On peut aussi lire dans l’article de “Fortune” que la mise à l’écart de Bo Xilai est un signe porteur d’espoir, qui montre que la faction des « réformateurs économiques » dirigée par Li Kegiang et Wang Yang est en train de gagner de l’influence. Que l’homme qui pourrait être le prochain Président de la Chine, Xi Jinping, ait aussi une inclinaison pour la réforme reste une question critique. Mais pour l’instant, la « nouvelle gauche populiste » de Bo Xilai, qui se souciait peu de faire avancer la Chine vers l’état de droit mais était plutôt pour la redistribution des richesses et leur propre bénéfice, bat en retraite.  

Selon un PDG d’une entreprise étrangère, l’aile de la réforme économique est ascendante, et est engagée avec les étatistes dans une lutte pour le contrôle de chaque département économique clé. Ce PDG a eu des réunions de haut-niveaux avec le gouvernement chinois à la mi-mai.Le commentateur d'actualités Caoan Jushi pense que les « libéraux » ont déjà remarqué que la faction populiste de Bo Xilai pourrait conduire la Chine au « militarisme ». Ils veulent promouvoir la réforme politique et économique afin de renverser l’effondrement graduel de l’économie chinoise.
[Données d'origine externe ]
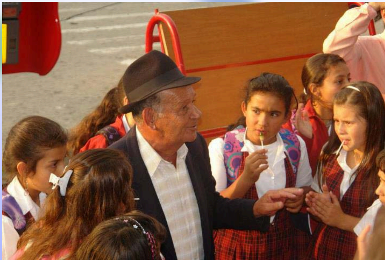
Plan Nacional de Lectura
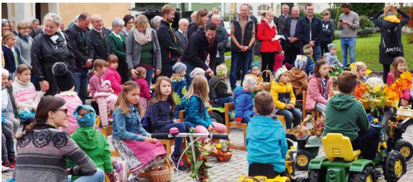
Stolz fahren die Kinder mit ihren Gerätschaften zum Erntedankfest am Kirchplatz vor.
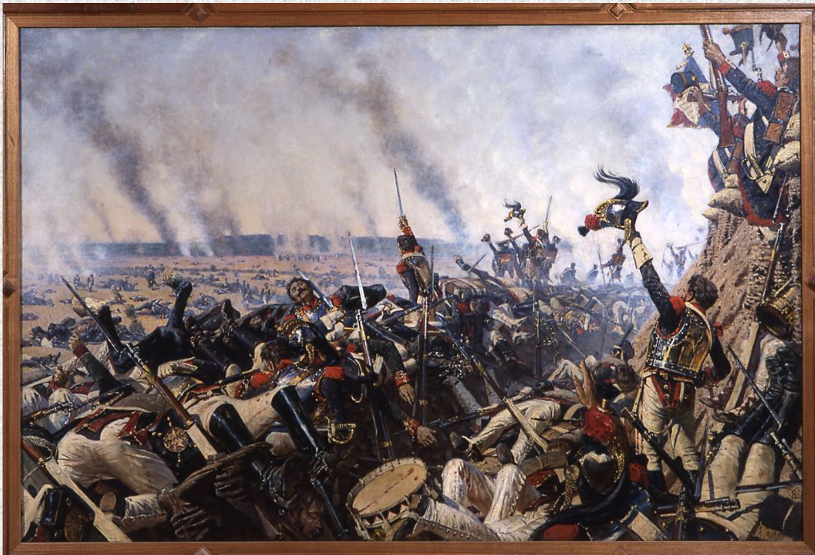
В.Верещагин. Конец Бородинского сражения
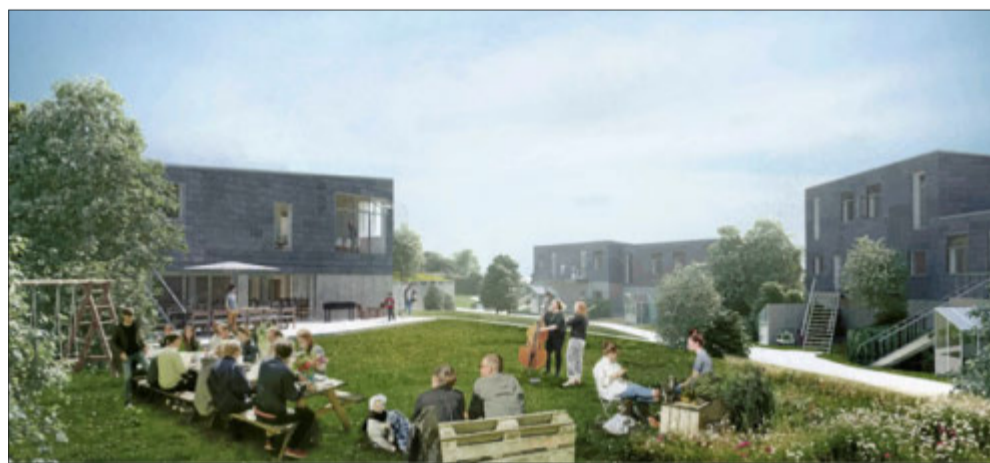
Bofællesskabet Bærebo henvender sig til alle aldre. Illustration Foto: Bærebo
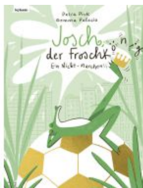
Josch der Froschkönig – Ein Nicht-Märchen Ladenpreis: 18,50EUR

[Caoan Jushi, Commentateur d'actualités] :
« C’est une bonne chose que les libéraux espèrent que la Chine puisse avancer vers la libéralisation. Toutefois, dans un environnement politique aussi sévère dirigé par le PCC,  les libéraux ne sont pas assez puissants pour conduire la Chine vers  la libéralisation. Je crois cependant que les libéraux en Chine  seront de plus en plus puissants après le 18ème Congrès national. Les idées du libéralisme vont graduellement infiltrer  les domaines politique et économique. »

On peut lire à la fin de l’article : « Difficile de dire comment cette lutte va tourner, mais les enjeux ne pourraient être plus élevés. Comme le montrent les récentes données économiques de la Chine,  le temps de la croissance débridée pourrait bien prendre fin.  La production industrielle et les exportations sont en chute brusque. »

Selon Caoan Jushi, du fait du monopole économique et politique, différents groupes d’intérêt sont entremêlés. C’est le plus grand obstacle pour mettre en œuvre les réformes politiques et économiques en Chine. La clé pour réaliser la réforme et le développement en Chine est de casser le monopole du PCC et ces groupes d’intérêts entrelacés.